A peine lancé en décembre 2024, il se prépare pour être relancé. Face au «fort engouement de la part des industriels» pour sa première édition, l’appel d’offres intitulé «Grands projets industriels de décarbonation» fait l’objet d’une consultation publique en vue d’une deuxième édition en 2026, a annoncé le gouvernement mardi 24 juin.
Cet appel d’offres sert à subventionner les projets de réduction des émissions de gaz à effet de serre (GES) des sites industriels les plus émetteurs de gaz à effet de serre, comme les producteurs d'acier, d'aluminium, de ciment… Ils sont nombreux à faire partie des 50 sites industriels les plus émetteurs de CO2. Piloté par l'Agence de l'environnement et de la maîtrise de l'énergie (Ademe), L’appel d’offre est intégré au plan d’investissement France 2030.

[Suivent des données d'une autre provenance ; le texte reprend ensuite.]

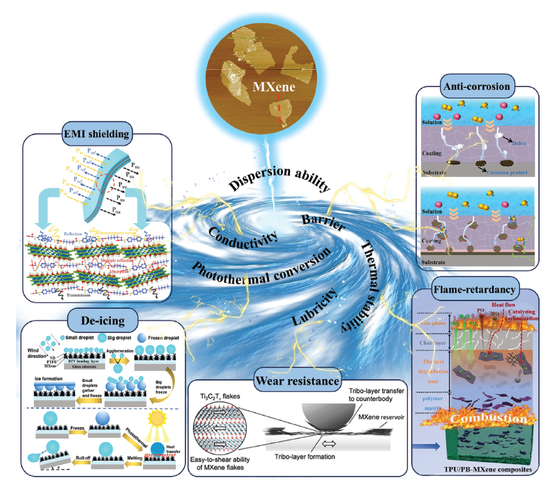 文章系统总结了MXene纳米片的多种制备方法及其优异性能和改性策略,结合MXene的阻隔性、润滑性、热稳定性、导电性和光热转换性,详尽讨论了MXene基聚合物涂层在防腐、摩擦、阻燃、电磁屏蔽和除冰等领域的应用,最后结合当前研究现状和新兴需求,针对性地探讨了MXene基聚合物涂层所面临的发展挑战及未来的研究机遇。

Un appel à manifestation nécessaire pour candidater
La consultation publique sert d’une part à cerner «les évolutions susceptibles d’être apportées au cahier des charges» pour l’admission et le calcul des aides allouées. D’autre part, un appel à manifestation (AMI) est lancé en parallèle à destination des potentiels candidats à ces subventions. «La participation à cet AMI sera une condition nécessaire pour candidater au futur dispositif pour les porteurs de projets n’ayant pas déjà candidaté au premier appel d’offres», insiste le communiqué.
L’édition 2024 concerne les projets représentant un montant d’aide total supérieur à 20 millions d’euros, pour effectuer l’électrification d’un site, l’amélioration de l’efficacité énergétique, la modification du mix énergétique ou du mix matières, ou encore le captage du carbone. D’autres appels d’offres spécifiques sont fléchés vers les projets de moindre ampleur, ou vers les PME et ETI. Comme pour cette première édition, l’appel à projet devra ensuite attendre la confirmation de la Commission européenne pour être lancé en 2026.